━━ Material supplied ━━

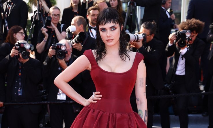 Такой лаконичный наряд Кара, скорее всего, выбрала не случайно - он не должен был отвлекать внимание от ее новых стрижки и цвета волос. Теперь они темные, достигают чуть ниже плеч, а спереди у девушки рваная челка.
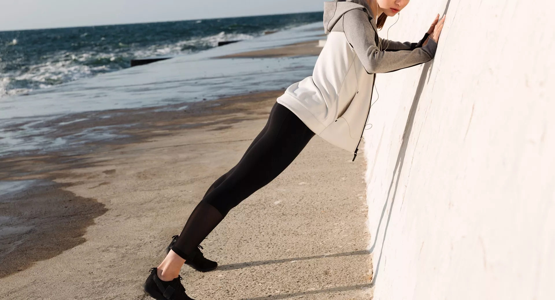 - Встаньте лицом к стене на расстоянии вытянутой руки от нее. Стопы поставьте на ширину плеч.
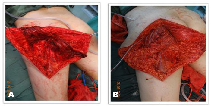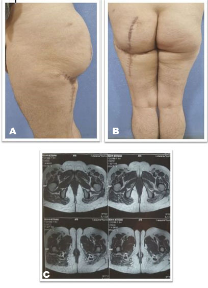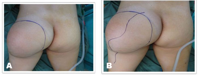 Buttock reconstruction is commonly done with tumescent liposculpture [16] or with a muscle flap cover [9]. Buttock reconstruction with tridimensional combined gluteoplasty can correct asymmetry and/or contour deformities. The combination of liposuction, intramuscular buttock implant placement, and fat transfer to the lateral third of the gluteus, corresponding to the hip and above the placed implant, is a procedure that can be performed as both primary and secondary procedure. This technique is especially indicated in patients with a limited amount of fat insufficient to achieve complete augmentation of gluteal region. Ideal patients for this procedure are the patients with significant deficits in projection and volume of lateral third of gluteus and/or hip, those with a limited amount of fat tissue available for transfer, those who underwent revision surgery, those with large defect after resection of tumor say liposarcoma, and those who desires larger average volume and projection [17].
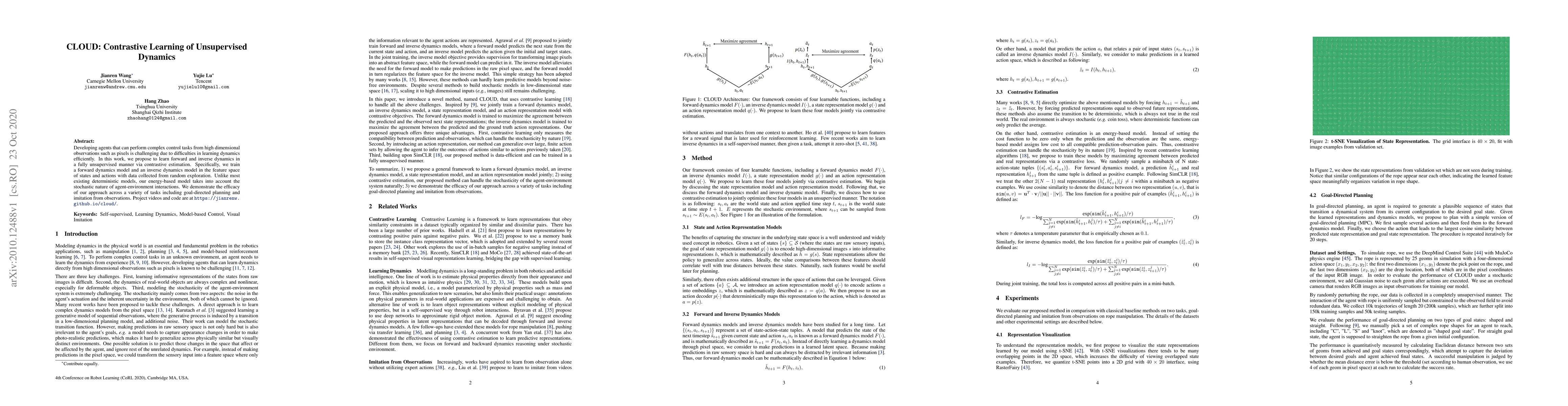 Developing agents that can perform complex control tasks from high dimensional observations such as pixels is challenging due to difficulties in learning dynamics efficiently. In this work, we propose to learn forward and inverse dynamics in a fully unsupervised manner via contrastive estimation. Specifically, we train a forward dynamics model and an inverse dynamics model in the feature space of states and actions with data collected from random exploration. Unlike most existing deterministic models, our energy-based model takes into account the stochastic nature of agent-environment interactions. We demonstrate the efficacy of our approach across a variety of tasks including goal-directed planning and imitation from observations. Project videos and code are at https://jianrenw.github.io/cloud/.
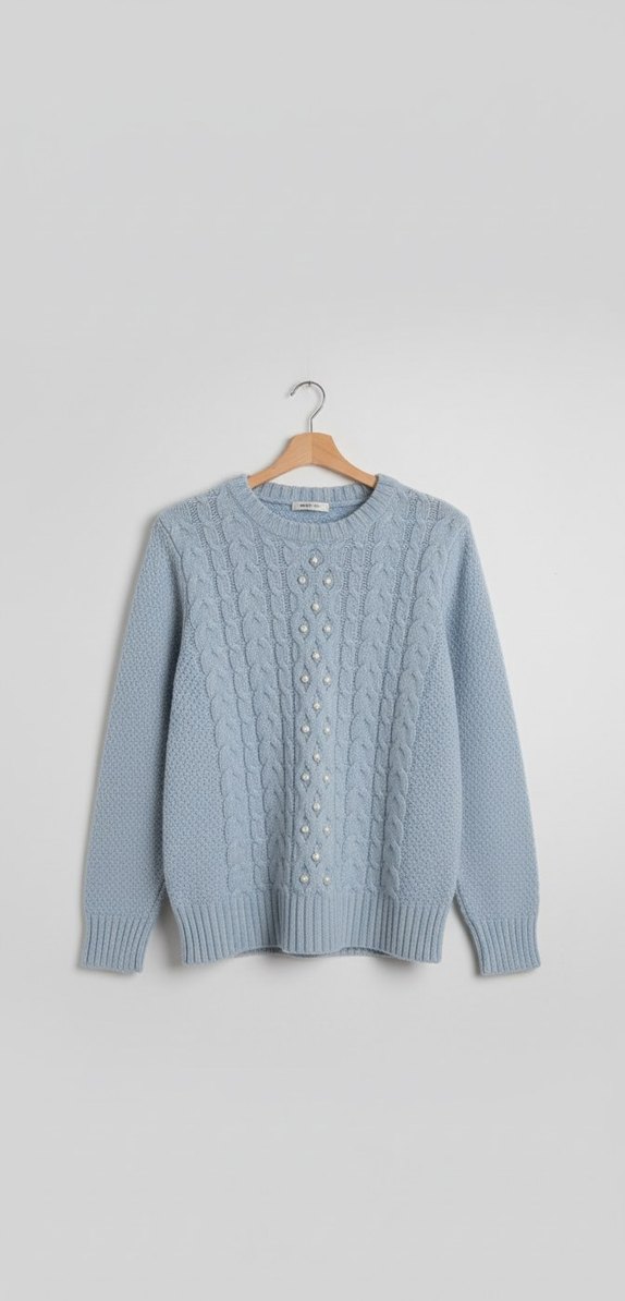 Pastel mavi renkte, nakış desenli, yuvarlak yakalı ve uzun kollu triko kazak. Rahat ve bol kesimiyle günlük kullanıma uygundur.
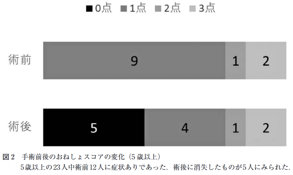 表は睡眠時無呼吸に対してアデノイド切除・扁桃摘出術を行った子どものおねしょの回数の減少を示しています。5歳以上であれば、良い結果が期待できそうですね。
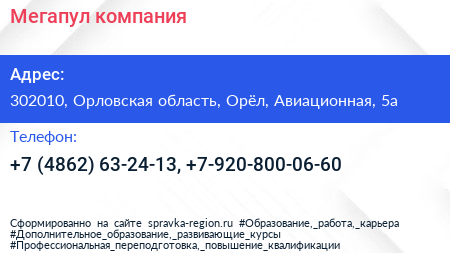 Мегапул, компания по адресу 302010, Орловская область, Орёл, Авиационная, 5а в дальнейшем Организация, размещена в следующих категориях:
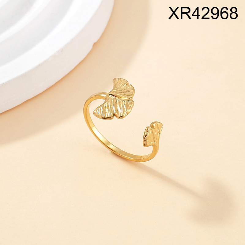 Level B Stainless Steel New Trendy Women Jewelry Ginkgo leaf Golden Open Rings;Ring size can be adjusted freely

━━━

» **What the task asks**: Output the data above exactly. Drop every picture.

» **Expected answer**:
 Такой лаконичный наряд Кара, скорее всего, выбрала не случайно - он не должен был отвлекать внимание от ее новых стрижки и цвета волос. Теперь они темные, достигают чуть ниже плеч, а спереди у девушки рваная челка.
 - Встаньте лицом к стене на расстоянии вытянутой руки от нее. Стопы поставьте на ширину плеч.
 Buttock reconstruction is commonly done with tumescent liposculpture [16] or with a muscle flap cover [9]. Buttock reconstruction with tridimensional combined gluteoplasty can correct asymmetry and/or contour deformities. The combination of liposuction, intramuscular buttock implant placement, and fat transfer to the lateral third of the gluteus, corresponding to the hip and above the placed implant, is a procedure that can be performed as both primary and secondary procedure. This technique is especially indicated in patients with a limited amount of fat insufficient to achieve complete augmentation of gluteal region. Ideal patients for this procedure are the patients with significant deficits in projection and volume of lateral third of gluteus and/or hip, those with a limited amount of fat tissue available for transfer, those who underwent revision surgery, those with large defect after resection of tumor say liposarcoma, and those who desires larger average volume and projection [17].
 Developing agents that can perform complex control tasks from high dimensional observations such as pixels is challenging due to difficulties in learning dynamics efficiently. In this work, we propose to learn forward and inverse dynamics in a fully unsupervised manner via contrastive estimation. Specifically, we train a forward dynamics model and an inverse dynamics model in the feature space of states and actions with data collected from random exploration. Unlike most existing deterministic models, our energy-based model takes into account the stochastic nature of agent-environment interactions. We demonstrate the efficacy of our approach across a variety of tasks including goal-directed planning and imitation from observations. Project videos and code are at https://jianrenw.github.io/cloud/.
 Pastel mavi renkte, nakış desenli, yuvarlak yakalı ve uzun kollu triko kazak. Rahat ve bol kesimiyle günlük kullanıma uygundur.
 表は睡眠時無呼吸に対してアデノイド切除・扁桃摘出術を行った子どものおねしょの回数の減少を示しています。5歳以上であれば、良い結果が期待できそうですね。
 Мегапул, компания по адресу 302010, Орловская область, Орёл, Авиационная, 5а в дальнейшем Организация, размещена в следующих категориях:
 Level B Stainless Steel New Trendy Women Jewelry Ginkgo leaf Golden Open Rings;Ring size can be adjusted freely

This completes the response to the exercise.